= Task to carry out =
Each line from the first entry to the line with "Frosted Stained Glass", both included, is to be returned unchanged, with any pictures dropped.

(Beginning of Data excerpts)

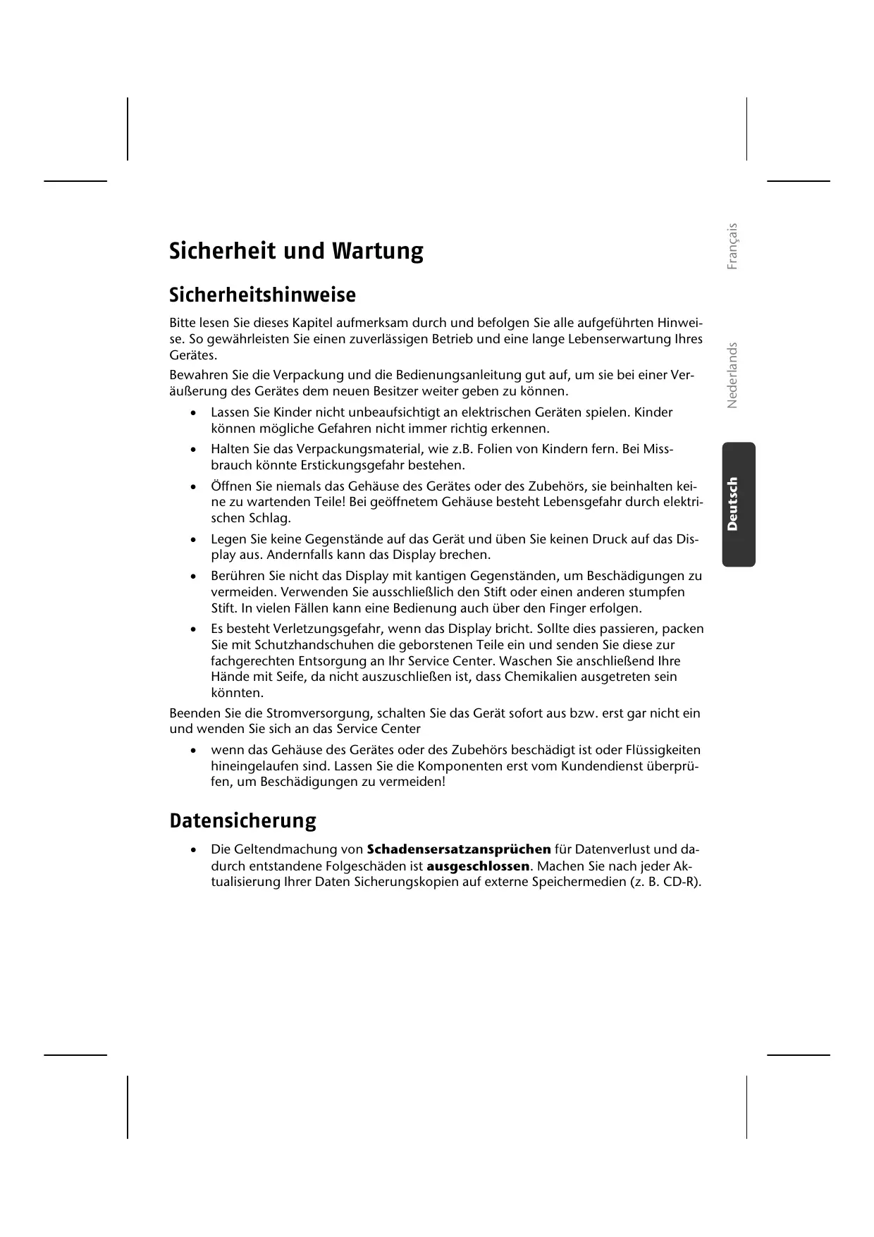 Die Geltendmachung von Schadensersatzansprüchen für Datenverlust und dadurch entstandene Folgeschäden ist ausgeschlossen. Machen Sie nach jeder Aktualisierung Ihrer Daten Sicherungskopien auf externe Speichermedien (z. B. CD-R).
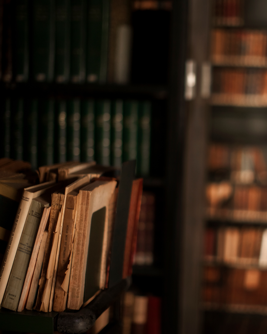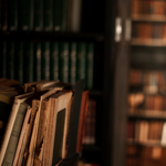 Aged leather-bound books with hints of mahogany and vanilla.
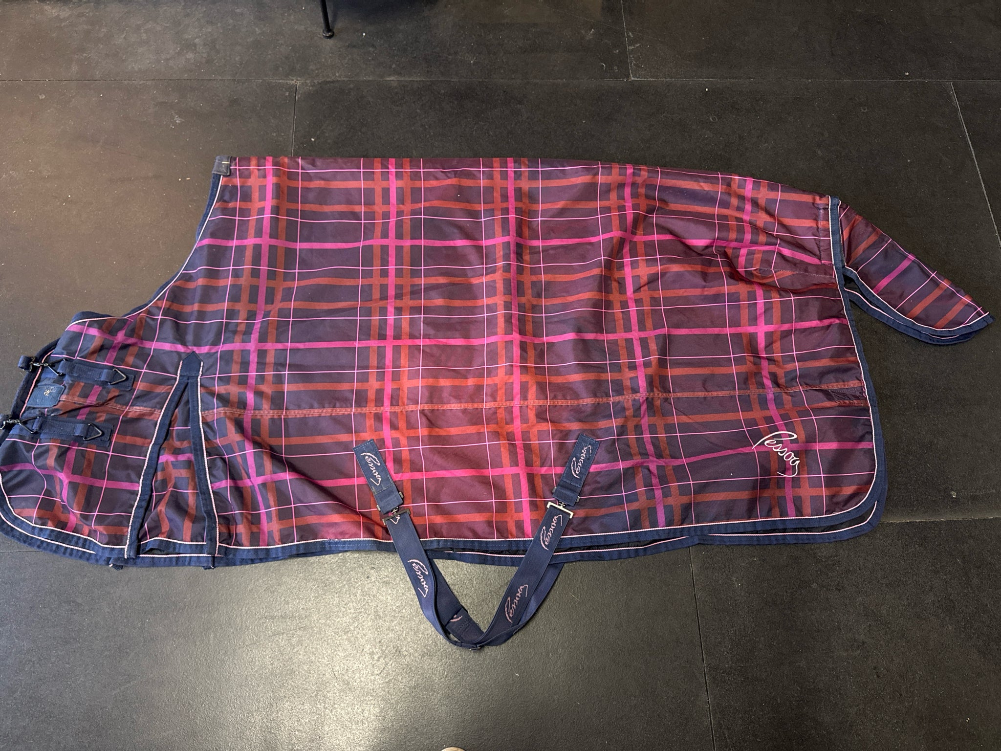 Pessoa Alpine Fuscia/Navy Plaid Lightweight USED Excellent Turnout Blanket
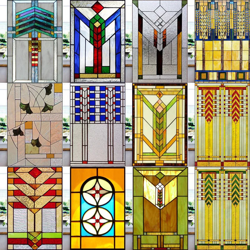 Frosted Stained Glass Window Film, Custom Size Privacy Static Cling, Prairie Style for Kitchen, Bathroom, Office, Skylight
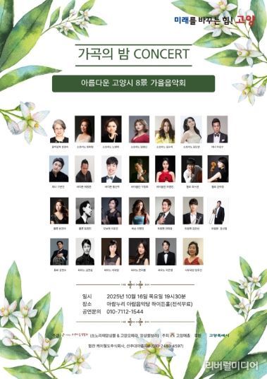 [리버럴미디어=공소리 기자] 고양특례시가 후원하고, (사)한국예술문화단체총연합회 고양지회가 주최하며 (사)한국음악협회 고양지부가 주관하는 ‘2025 가곡의 밤 – 아름다운 고양시 8경(景) 가을 음악회’가 오는 16일 오후 7시 30분, 고양아람누리 아람음악당에서 개최된다.
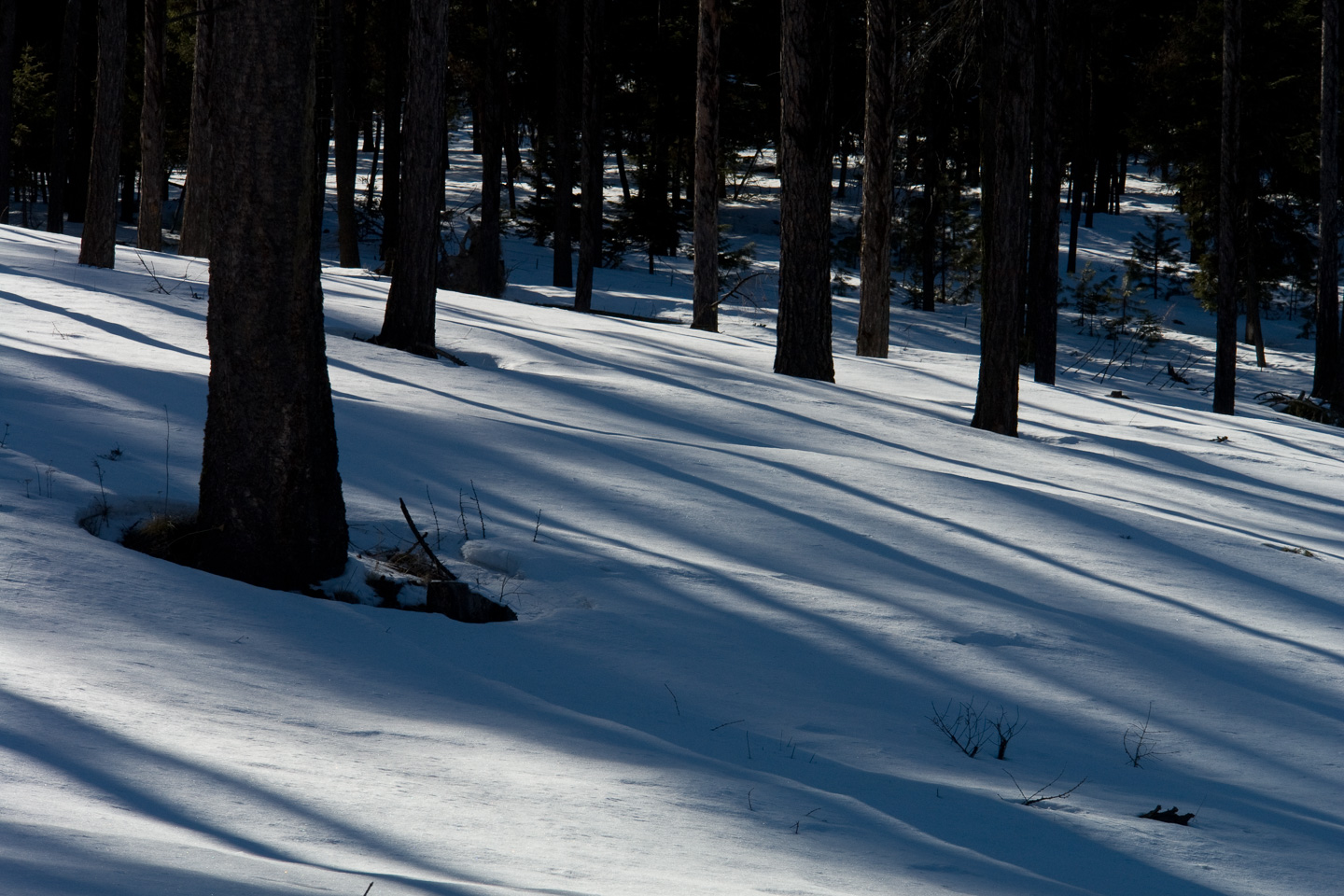 Yet another snow scene. Just love them, especially when there is some sunlight to make the snow glisten. I like the diagonals of the shadows that contrast with the vertical tree trunks.
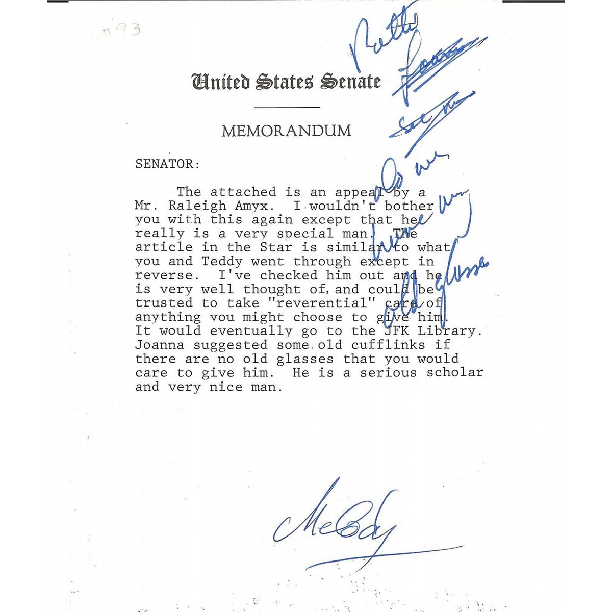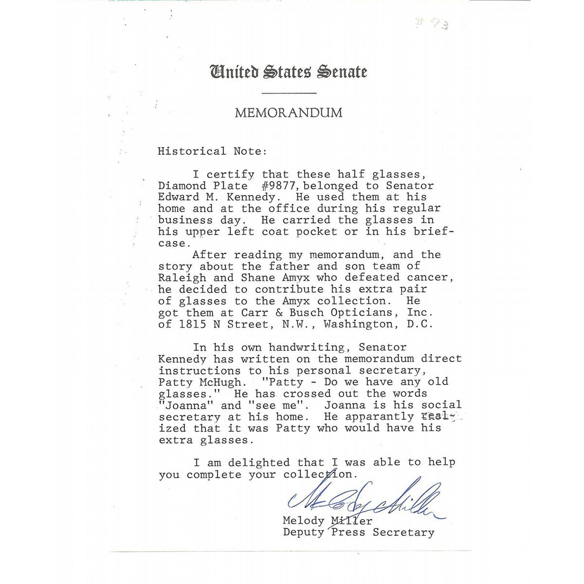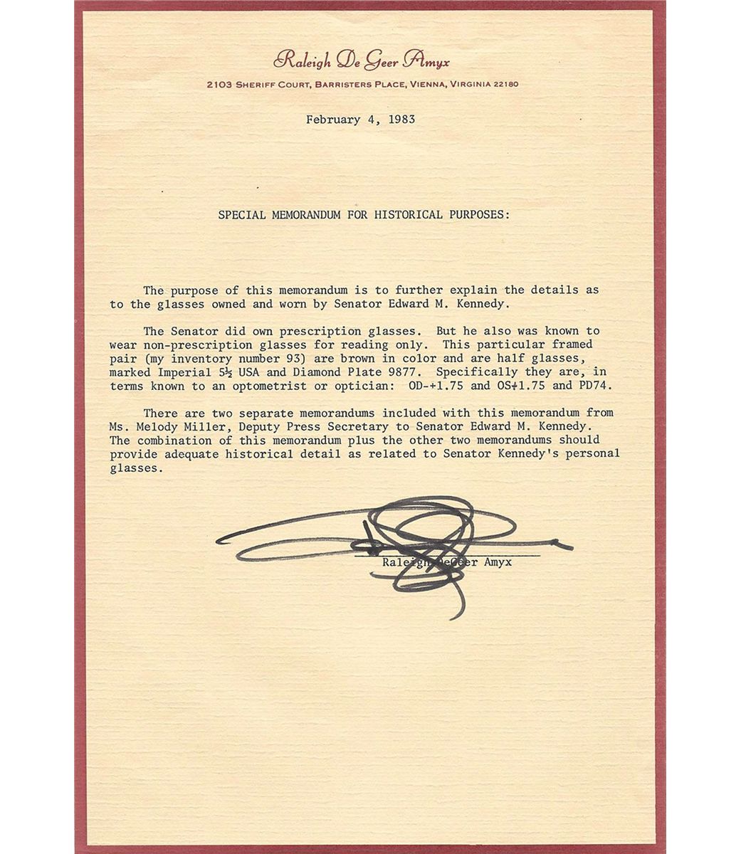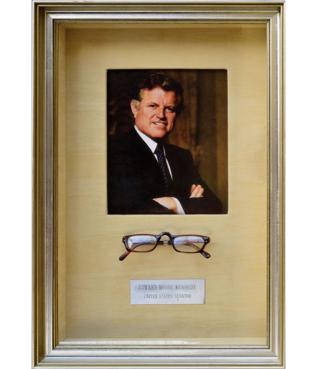 A pair of Senator Ted Kennedy’s personally-owned and -worn prescription eyeglasses. These brown framed half-glasses were presented directly to Amyx by Senator Kennedy himself, with the help of his Press Secretary, Melody Miller, to assist in completing this set of glasses from all three Kennedy brothers. Handsomely framed with tan-colored hand-wrapped suede matting, a color portrait of Kennedy, and a small plaque to an overall size of 22 x 14. In fine condition. Accompanied by three letters of provenance about the glasses, each on United States Senate Memorandum letterhead. The first is a memo to Senator Kennedy from Melody Miller, press secretary, which requests, “The attached is an appeal by a Mr. Raleigh Amyx…The article in the Star is similar to what you and Teddy went though except in reverse…He is very well thought of, and could be trusted to take ‘reverential’ care of anything you might choose to give him…Joanna suggested some old cufflinks if there are no old glasses that you would care to give him.” On the memo, Kennedy has written, “Patty—Do we have any old glasses.” A second letter from Miller reads, in part: “I certify that these half glasses…belonged to Senator Edward M. Kennedy. He used them at his home and at his office…After reading my memorandum, and the story about the father and son team of Raleigh and Shane Amyx who defeated cancer, he decided to contribute his extra pair of glasses to the Amyx collection. He got them at Carr & Busch Opticians, Inc. of 1815 N Street, N.W., Washington, D. C.” The last letter, dated February 4, 1983, is from Amyx and corroborates the story. An incredibly well-documented grouping, and, undoubtedly, the only complete set of Kennedy eyeglasses assembled into one collection. Provenance: The Raleigh DeGeer Amyx Collection.
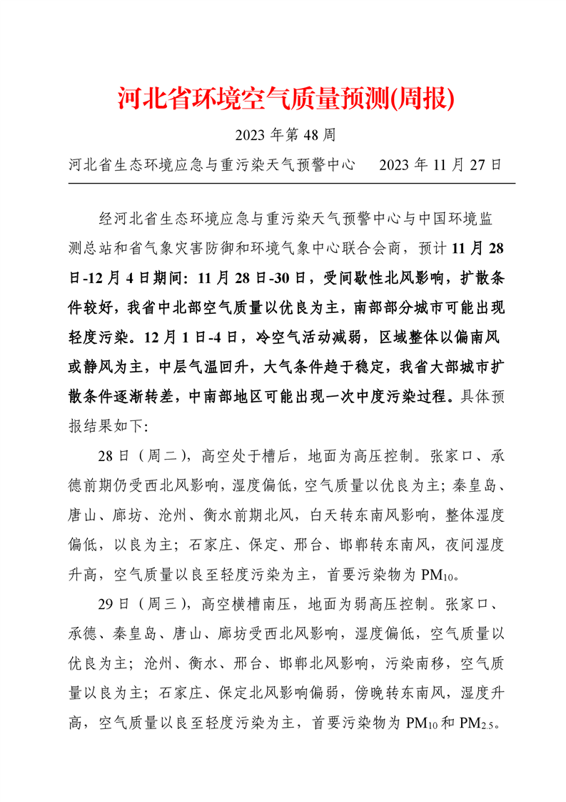 河北省空气质量预测报告(周报)2023年第48周
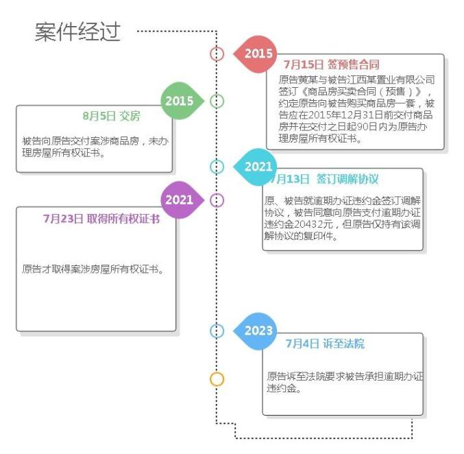 最后,法院依据调解协议的内容判决支持了原告逾期办证违约金的诉请。目前,该案判决已生效。
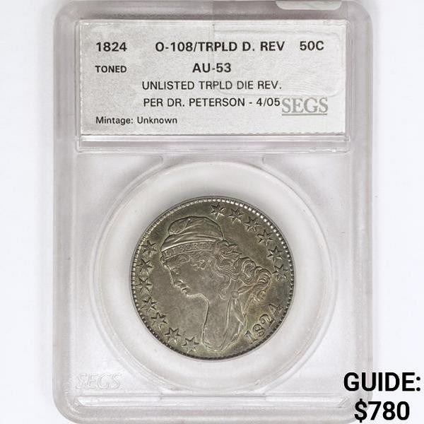 1824 Capped Bust Half Dollar SEGS AU53 Trpld Die R
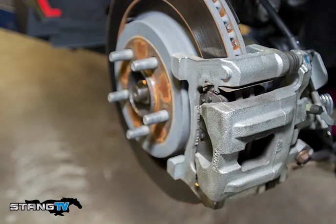 From left to right: with the front wheel off the hub, start by removing the brake caliper. Next, disconnect the ABS line by popping off the clip, and remove the top bolt holding the sway bar end-link attached.
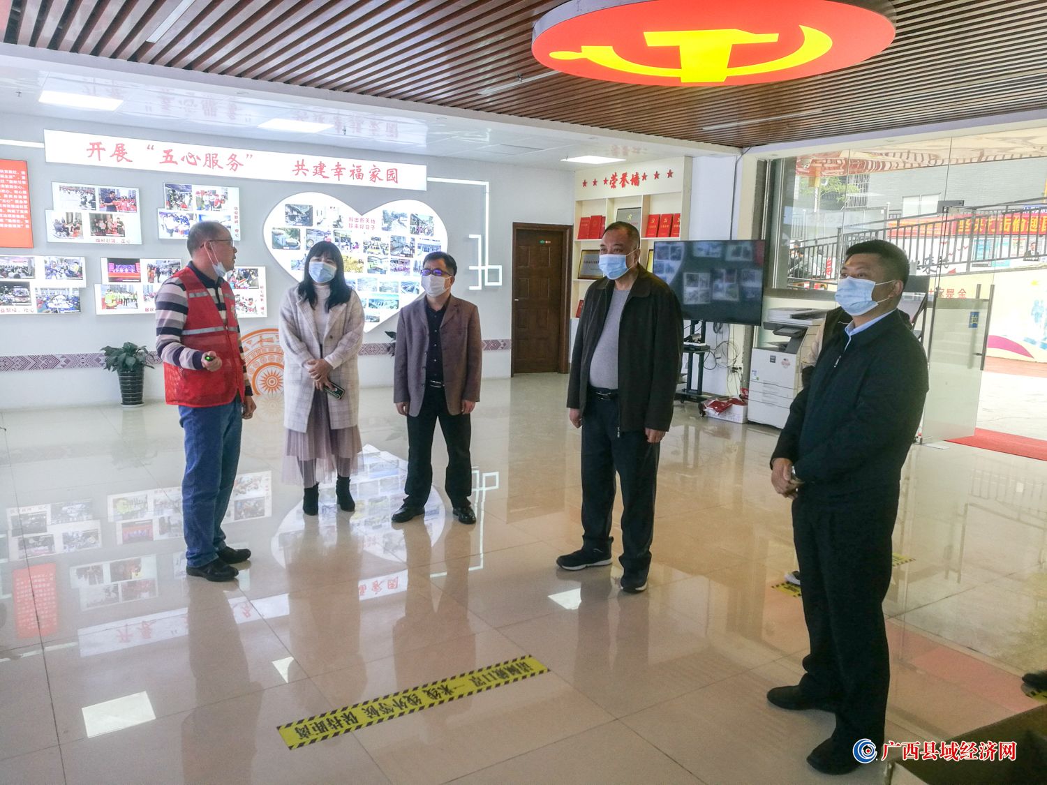 隆安县人大常委员会副主任潘健(右一)及相关部门领导陪同调研组在震东安置区服务站调研

(End of Data excerpts)

= Reply =
 Die Geltendmachung von Schadensersatzansprüchen für Datenverlust und dadurch entstandene Folgeschäden ist ausgeschlossen. Machen Sie nach jeder Aktualisierung Ihrer Daten Sicherungskopien auf externe Speichermedien (z. B. CD-R).
 Aged leather-bound books with hints of mahogany and vanilla.
 Pessoa Alpine Fuscia/Navy Plaid Lightweight USED Excellent Turnout Blanket
 Frosted Stained Glass Window Film, Custom Size Privacy Static Cling, Prairie Style for Kitchen, Bathroom, Office, Skylight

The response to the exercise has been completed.